In addition to the automatic evaluation performed by the software device, the quality of spirometry tests was assessed according to some criteria, including the number of acceptable maneuvers according to ATS, ranging from 0 to 3, the highest kept by the spirometry software and the reproducibility (FEV1 and FVC were considered reproducible according to ATS criteria when the best two trials differed by not more than 200 mL).

A blinded investigator performed the measurements of maximal respiratory pressure. A pressure transducer (MVD-300, Globalmed, Porto Alegre, Brazil) connected to a system with two unidirectional valves (DHD Inspiratory Muscle Trainer, Chicago, IL, USA) was used.
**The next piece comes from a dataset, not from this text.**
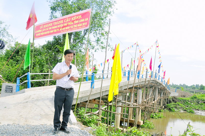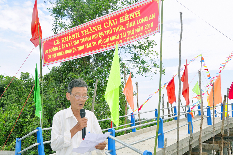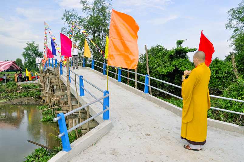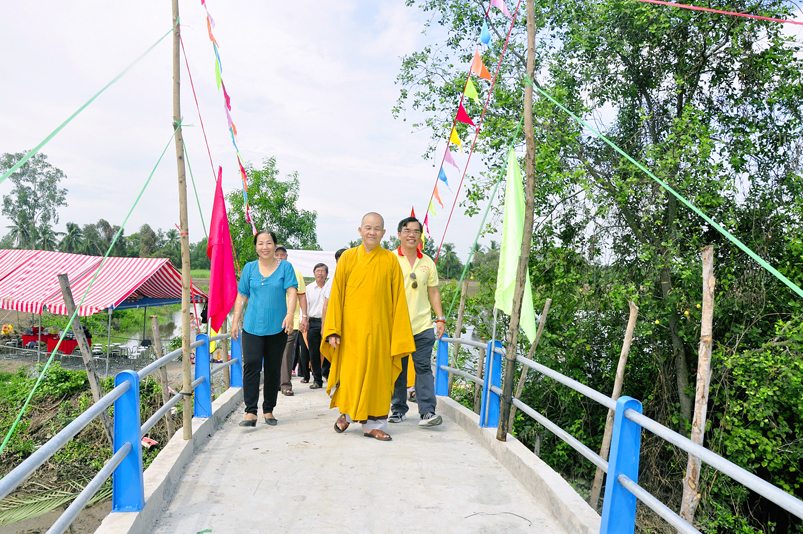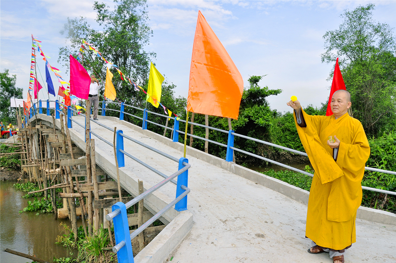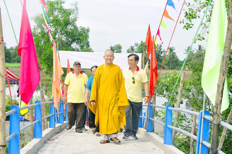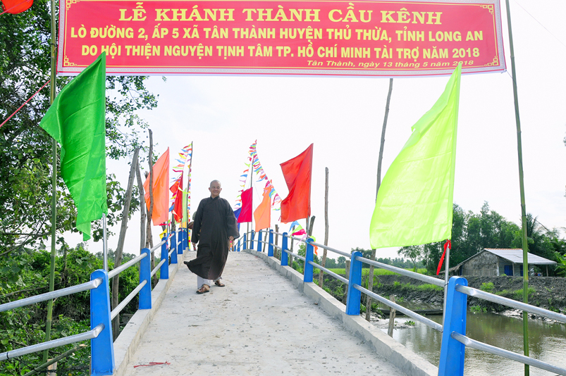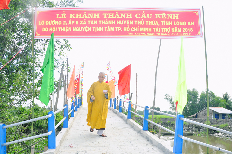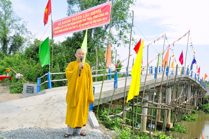 Xưa nay, Phật giáo lúc nào cũng đồng hành cùng Dân tộc. Cây cầu này hình thành là thành tích chào mừng lễ Phật đản Phật lịch 2562. Phật giáo Long An luôn phát động phong trào an sinh xã hội theo tinh thần từ bi của đạo Phật. Hiện nay ở nước xuất hiện nhiều đạo lạ không ít làm mất đi truyền thống, bản sắc văn hoá của Dân tộc và tinh thần đoàn kết. Do đó, Phật tử nên tiếp tục phát huy tinh than đoàn kết hơn nữa sống tốt đời đẹp đạo. Hoà thượng mong muốn những nghĩa cử, việc làm cao đẹp sẽ tiếp tục được lan tỏa.”

The maximal inspiratory pressure (PImax) and maximal expiratory pressure (PEmax) were determined during deep inspiration and expiration from the residual volume against an occluded airway with a minor air leak (2 mm), following a previously described procedure (20). The highest pressures of six measurements were defined as PImax and PEmax.

The RR interval waves were continuously recorded for 20 min in individuals in supine position, using an electrocardiogram Wincardio (600 Hz) (Micromed, Brazil) for spectral analysis of the HRV. The spectrum resulting from the fast Fourier transform modeling is derived from all data present in the recorded signal; it includes the entire signal variance, regardless of whether its frequency components appear as specific spectral peaks or as nonpeak broadband powers.

The RR interval variability was evaluated in the time (total variability [ms2], standard deviation between normal to normal heart beats (SDNN) [ms], and root mean square of successive differences between normal heart beats (RMSSD) [ms]), frequency (low [LF; ms2 and %], high [HF; ms2 and %], and LF/HF), and nonlinear (SD1 and SD2) domains. The spectral power for LF (0.03-0.15 Hz) and HF (0.15-0.4 Hz) bands was calculated employing power spectrum density integration within each frequency bandwidth through the fast Fourier transform, using the Kubios analysis software (Kubios HRV Standard, V 3.0, Finland) (21).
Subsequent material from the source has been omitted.